Вице-адмирал Ланселот Холланд был подавлен. Он сидел в кресле, опустив руки, и мрачно смотрел на посмертные капитанские ритуалы. Только я, восемнадцатилетний сигнальщик и он, умудренный опытом адмирал - только мы двое на всем корабле поняли, что бой проигран.
"Худ" начал кренится на левый борт. Это было особенно странно, ведь все его ранения пришлись справа. В этот раз судно накренилось особенно круто.
Циркули и готовальни, капитанская чашка "Ерл-грея" и прочая мелочь посыпались со стола на пол. Рулевой старшина не устоял на ногах, и схватился за, ставший бесполезной декорацией происходящего, штурвал. Кто-то из офицеров кубарем покатился в сторону крена.
Я понял, что медлить больше нельзя.
Вылетев под уклон на открытую лестницу левого борта, я ринулся вниз, пропуская по три ступени. Первая нижняя палуба была практически вся залита водой. "Худ" уходил под воду!

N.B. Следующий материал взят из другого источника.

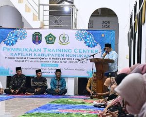 NUNUKAN – Mewakili Bupati Nunukan,Kabag Kesra Sekretariat Daerah Kab. Nunukan H. Khairil hadir dan membuka secara resmi Acara Training Center (TC) Khafilah STQH I dan MTQ Mualaf V Tingkat Provinsi Kaltara Tahun 2025. Selasa (1/7/2025).
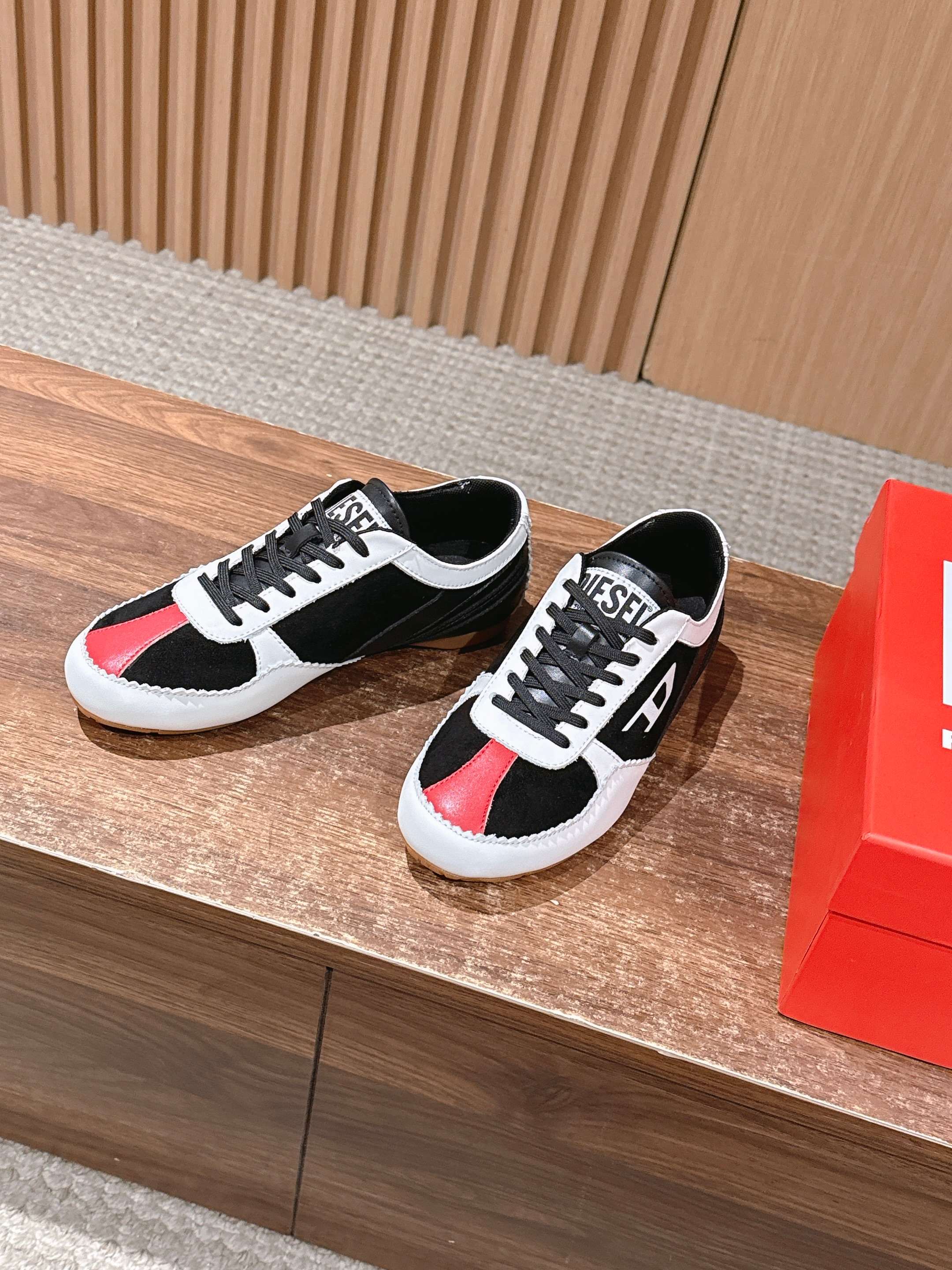 這款鞋子是AAAAA 1:1 質量(非常棒). 使用了和原版一模一樣的材料. 商標部分也保持了和DIESEL一樣. 圖片拍攝是實物鞋子拍攝, 您所收到的實物保證和我們圖片一模一樣.

Удивительно, но паники не было. Артиллеристы готовились к новому залпу, матросов больше интересовал тот кострище, что возник на том месте, где некогда высилась боевая рубка корабля. Не было людей в спасательных жилетах, никто не скидывал спасательные плоты, не спешил спускать на воду шлюпки. Словно никто не знал, что "Худ" находится в предсмертной агонии, не верил, что такое, вообще, возможно!
Оказавшись на палубе по колени в воде, я начал освобождаться от всего, что могло утянуть меня на дно. В соленую воду полетели стальная каска и маска противогазового аппарата.

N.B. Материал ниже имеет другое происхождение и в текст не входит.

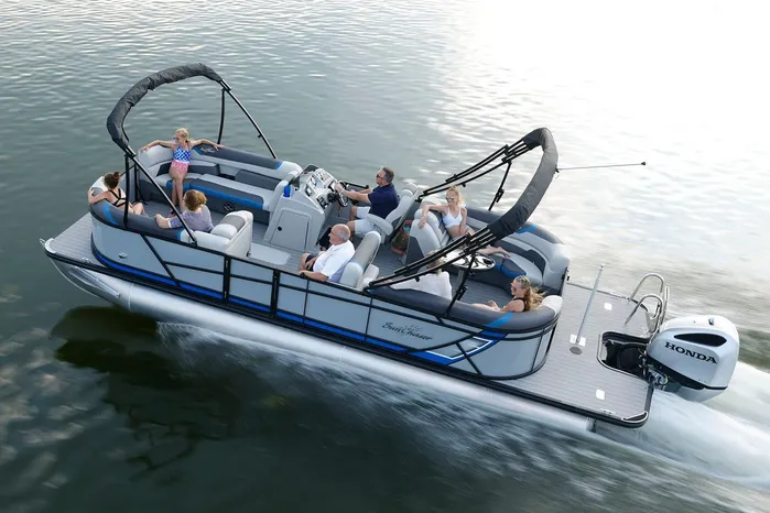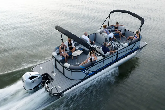 The SunChaser Geneva Sport 23 LR PSB pontoon is your one-stop shop for an action-packed day on the water. Packed with standard features, it offers both high-performance thrills and comfortable relaxation for everyone on board. The X-Treme PR25 Third Tube Performance Package ensures a smooth ride and confident handling, whether you're cruising leisurely or towing tubes for some exhilarating fun. The port side boasts a versatile swing-back transitional seat. This innovative feature lets you switch between a comfortable lounge chair for sunbathing and a forward-facing seat, perfect for enjoying the ride and conversation with fellow passengers. In the rear, a spacious bench seat surrounds a built-in table, creating a social hub for meals and catching up with friends and family. To top it all off, the Geneva Sport 23 LR PSB comes equipped with an integrated ski tow. This allows you to enjoy water sports like tubing, waterskiing, or wakeboarding, adding another layer of excitement to your day. This feature-packed pontoon is the perfect recipe for creating unforgettable memories, combining the exhilaration of on-water activities with the comfort and social aspects of a relaxing pontoon experience.

Сняв всё это, я подошел к борту. Вода уже залила палубу, и было такое впечатление, что я стою прямо в море. Недолго думая я ринулся в пучину.

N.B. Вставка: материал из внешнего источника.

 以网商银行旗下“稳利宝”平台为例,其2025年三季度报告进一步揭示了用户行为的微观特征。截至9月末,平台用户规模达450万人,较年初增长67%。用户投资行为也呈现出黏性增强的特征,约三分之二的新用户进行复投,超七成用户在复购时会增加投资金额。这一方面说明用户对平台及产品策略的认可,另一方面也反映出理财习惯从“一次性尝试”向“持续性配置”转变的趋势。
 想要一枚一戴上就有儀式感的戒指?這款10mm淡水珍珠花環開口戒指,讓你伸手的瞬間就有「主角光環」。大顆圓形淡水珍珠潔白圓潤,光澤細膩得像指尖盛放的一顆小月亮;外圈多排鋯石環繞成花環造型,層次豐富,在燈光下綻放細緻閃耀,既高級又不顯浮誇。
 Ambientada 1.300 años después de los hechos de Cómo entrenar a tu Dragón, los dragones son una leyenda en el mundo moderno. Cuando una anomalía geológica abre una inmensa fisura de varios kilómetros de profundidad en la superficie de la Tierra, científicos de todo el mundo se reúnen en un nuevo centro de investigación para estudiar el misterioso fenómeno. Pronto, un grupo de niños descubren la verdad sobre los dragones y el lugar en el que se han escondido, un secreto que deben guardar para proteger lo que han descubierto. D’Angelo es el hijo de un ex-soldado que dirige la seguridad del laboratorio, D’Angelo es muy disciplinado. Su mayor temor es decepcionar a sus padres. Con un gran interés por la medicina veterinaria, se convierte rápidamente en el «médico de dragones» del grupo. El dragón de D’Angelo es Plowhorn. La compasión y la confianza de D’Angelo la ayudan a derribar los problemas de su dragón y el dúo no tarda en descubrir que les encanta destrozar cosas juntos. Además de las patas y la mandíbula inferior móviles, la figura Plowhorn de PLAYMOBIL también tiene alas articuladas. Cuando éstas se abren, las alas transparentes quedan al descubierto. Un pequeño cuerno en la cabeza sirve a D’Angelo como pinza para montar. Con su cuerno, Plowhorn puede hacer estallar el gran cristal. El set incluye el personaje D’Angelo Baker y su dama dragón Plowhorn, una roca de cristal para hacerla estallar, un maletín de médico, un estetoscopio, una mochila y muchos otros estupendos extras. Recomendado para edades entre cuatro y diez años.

Лишь полностью оказавшись в воде, я ощутил весь её холод. Словно тысячи кортиков кололи меня. Побарахтавшись на поверхности некоторое время, я вдруг понял - меня все-таки что-то тянет ко дну!
Задыхаясь, я опускался все глубже и глубже в темную мутную могилу. Это был первый и последний случай во всей жизни, когда я смерился. Я был готов умереть. Понимая, что это неотвратимо...
Однако именно в тот момент, когда я уже принял смерть, меня что-то ударило. Огромный бурлящий поток воды, поднимающийся оттуда-то с глубины, подбросил меня к поверхности.
Оказавшись над водой, я долго кашлял - мои легкие были полны воды. Наконец, мне удалось сделать несколько глубоких вдохов и оглядеться.
О, ужас...
То, что уцелело от "Худа", находилось ярдах в пятидесяти от меня. Нос корабля медленно поднимался в вертикальное положение. "Принц Уэльский" продолжал свой маневр, максимально забирая вправо, что бы не налететь на тонущий корабль.
Наконец, нос корабля застыл строго вертикально, словно огромный подлавок.
Залп!!!
Это перекошенная на бок передняя носовая башня "Худа" совершила свой последний салют. Не знаю, что послужило причиной: отчаянье обреченных артиллеристов или короткое замыкание, но упорство, с которым "Худ" проболжал сражаться впечатляло.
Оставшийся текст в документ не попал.